Archive for the ‘Scientific Literature’ Category

How C&EN and JACS Have Changed Since Sames-Sezen

Thursday, May 3rd, 2012

While the transgressions in the Sames-Sezen and Breslow sagas are very different, we can use both events as probes for how the ACS (through C&EN and JACS) deals with unethical behavior. A lot has changed in the past six years.

The first set of three Sames-Sezen retractions was published in JACS on 1 March 2006. I remarked at the time that these “addition/correction” notices had completely bypassed the ASAP page as well as the daily JACS e-mail feed. This move by the journal may have been unprecedented, and it certainly was not common. The move reeked of sweeping the scandal under the rug. Feeding into this perception was the fact that in spite of the magnitude of the situation, C&EN did not run a story on the retractions until the afternoon of 15 March 2006. Coincidentally—<rolls eyes>—the magazine happened to beat the New York Times to press by a couple of hours.
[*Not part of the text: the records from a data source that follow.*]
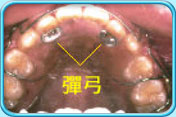 圖中所見是上頜和附在上頜的活動牙齒矯正器,並指出彈弓的所在位置。
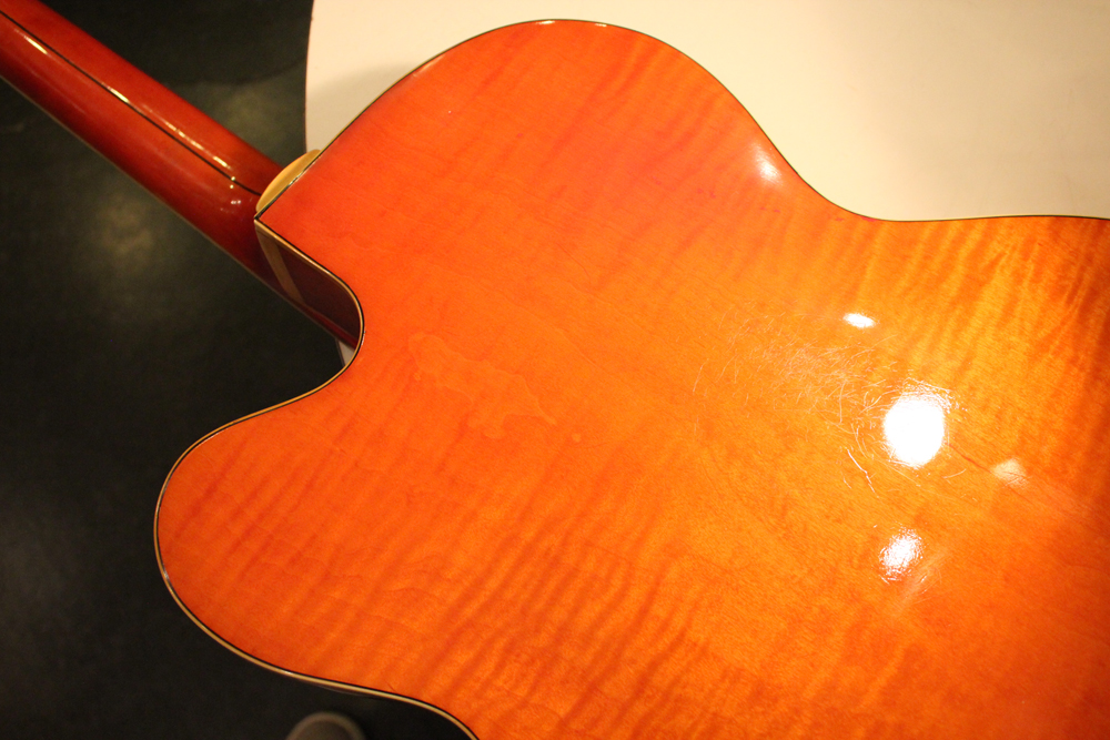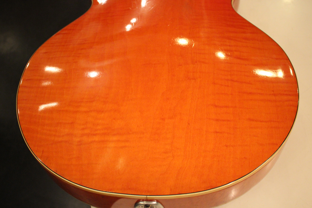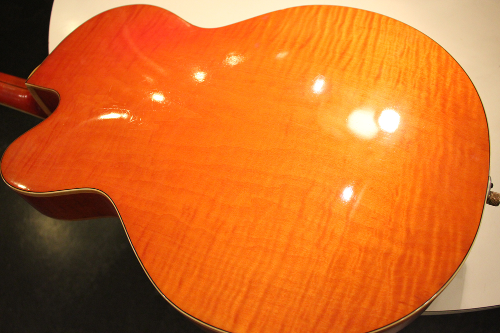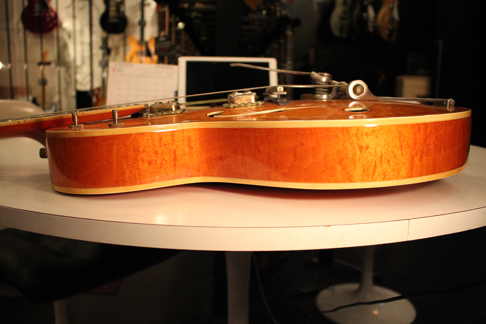今回入庫は、レアなフレイム・メイプルをボディに使用した"6120"! ボディ・トップは勿論、サイド、バック共、全体にフレイムが入っており、角度によってワイルドに見え隠れするフィギュアはオリジナル・ヴィンテージならではのルックスです
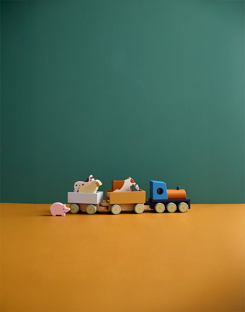 Un train en bois durable, sûr et imaginatif qui invite les jeunes enfants à explorer, pousser, empiler et inventer des histoires.
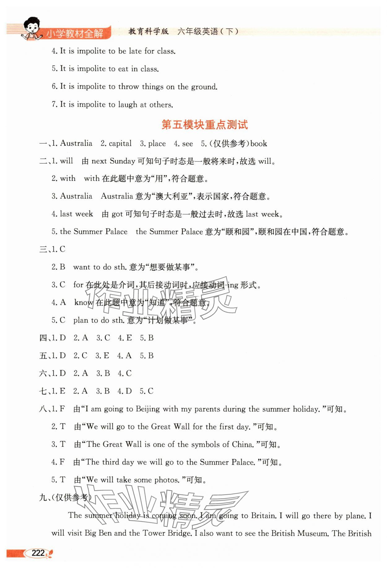 注:目前有些书本章节名称可能整理的还不是很完善,但都是按照顺序排列的,请同学们按照顺序仔细查找。练习册 2025年教材全解六年级英语下册教科版广州专版 答案主要是用来给同学们做完题方便对答案用的,请勿直接抄袭。
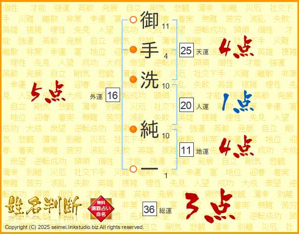 御(11画)手(4画)洗(10画) 純(10画)一(1画)
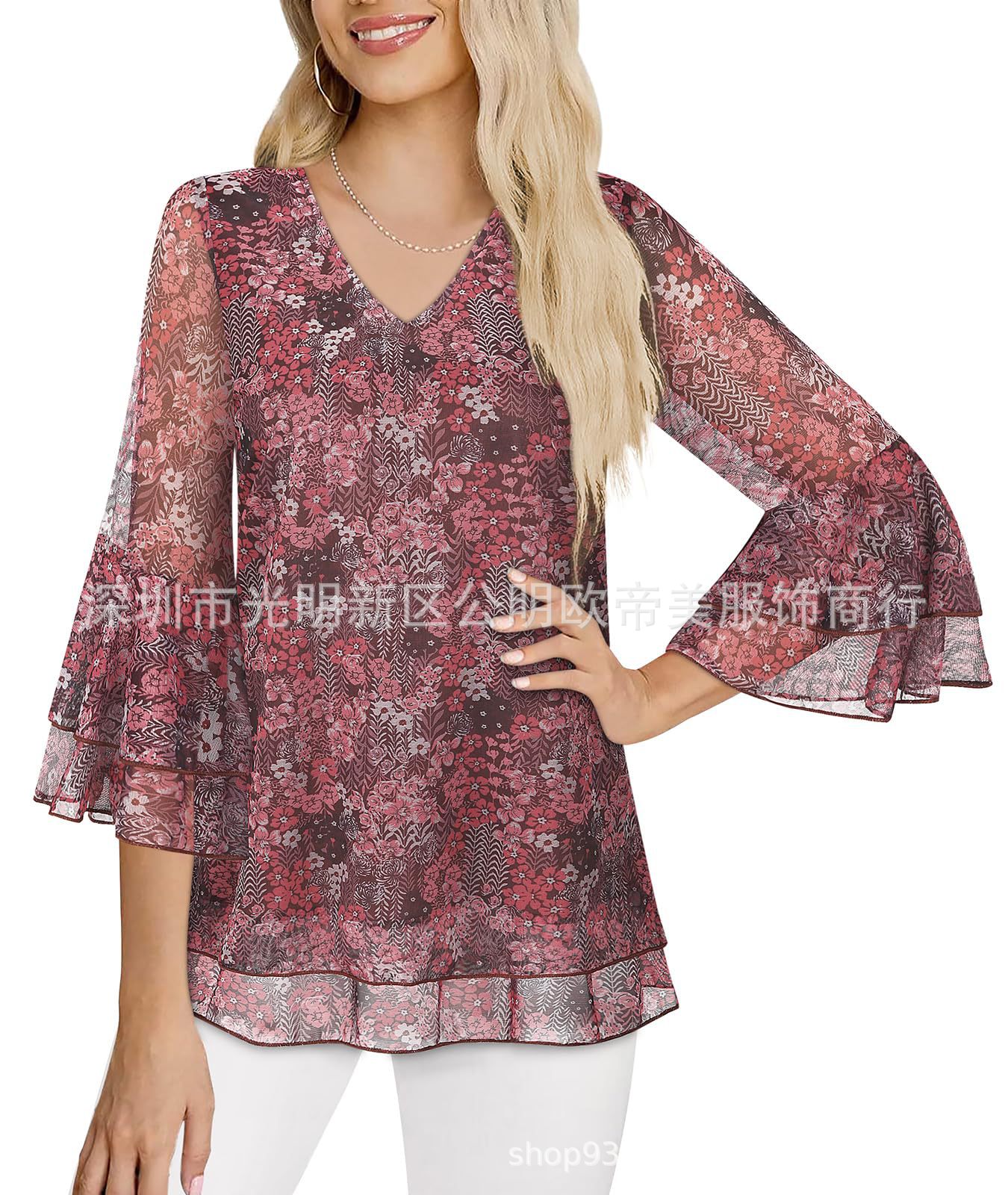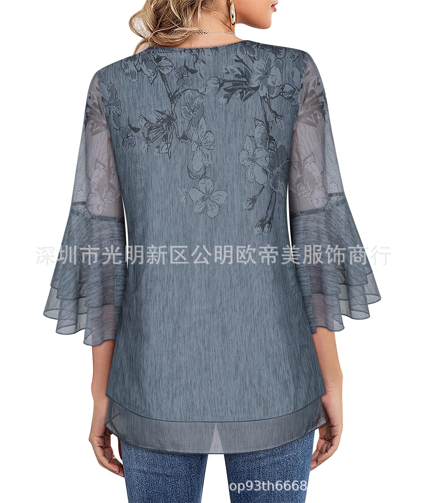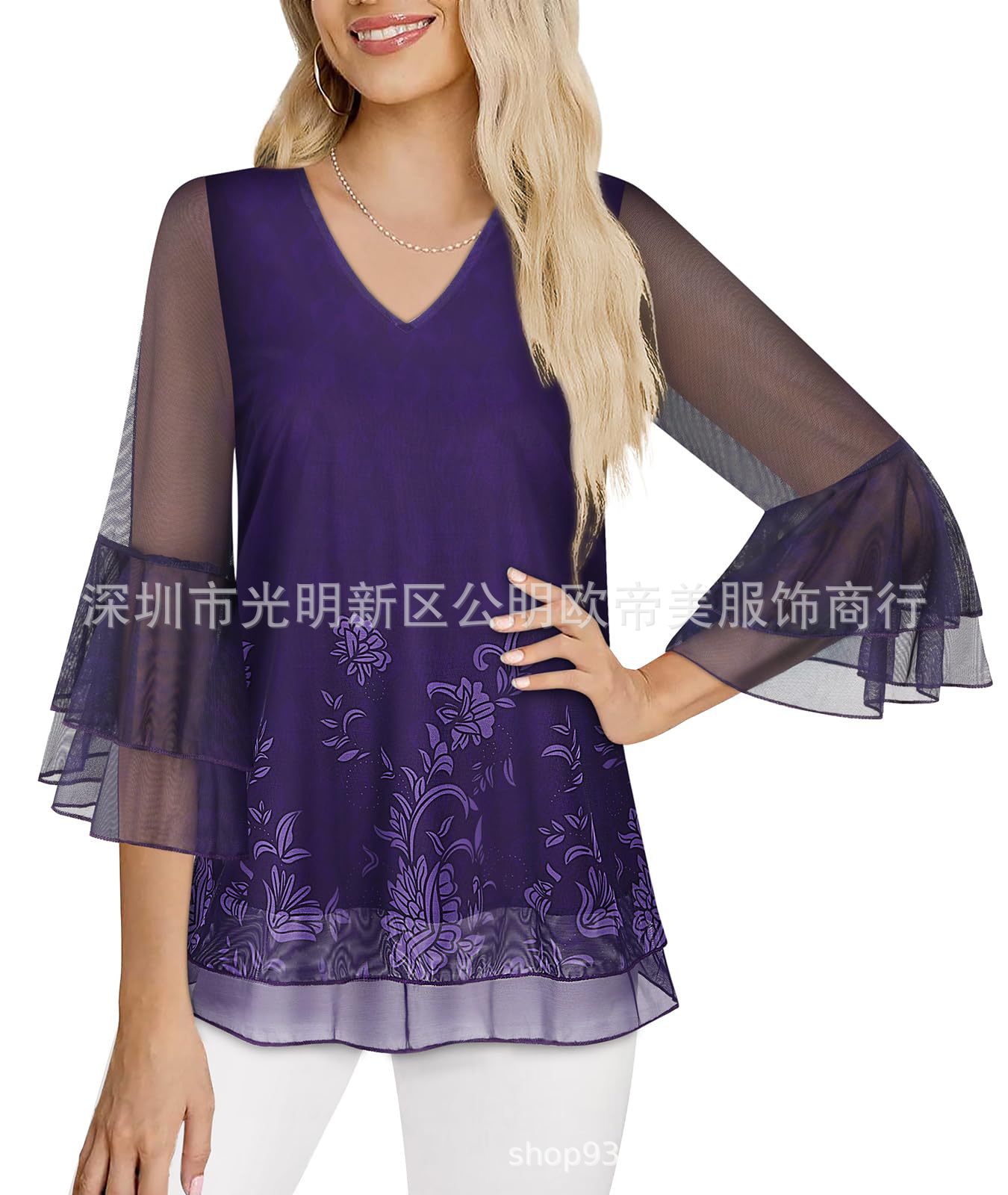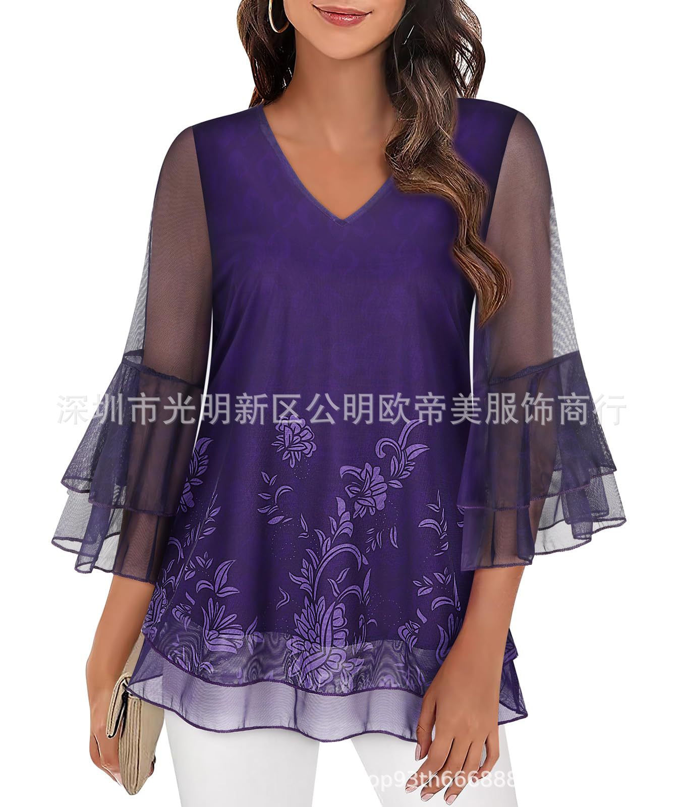 2025 크로스보더 여성 셔츠 3/4 슬리브 탑 우아한 캐주얼 더블 레이어 V 넥 메쉬 쉬폰 튜닉 셔츠
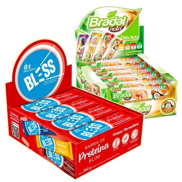 kit Barra de Proteína Bless 25g Zero Açúcar + Barra de Mix Nuts 30g Bradal Nutri

Keep in mind, the ACS Publications division knew these retractions were coming for quite some time, yet once they were finally released, it took an additional two weeks for C&EN to write up a bare-bones story.

In contrast, C&EN ran a story reporting the withdrawal of Breslow’s offending paper less than a day after it was pulled from the JACS site. In both cases: (1) blogs reported the transgressions before anyone else and (2) once the papers were finally withdrawn, online traffic and discussion flared up quickly. The difference this time around was that C&EN did not wait to jump in and provide “official” coverage. It seems that C&EN might have learned a few lessons from 2006: (1) although these stories do not paint chemical research in a positive light, they are important to cover, (2) chemists are interested in these stories, and (3) these stories will not go away, so there’s no sense in waiting to report them.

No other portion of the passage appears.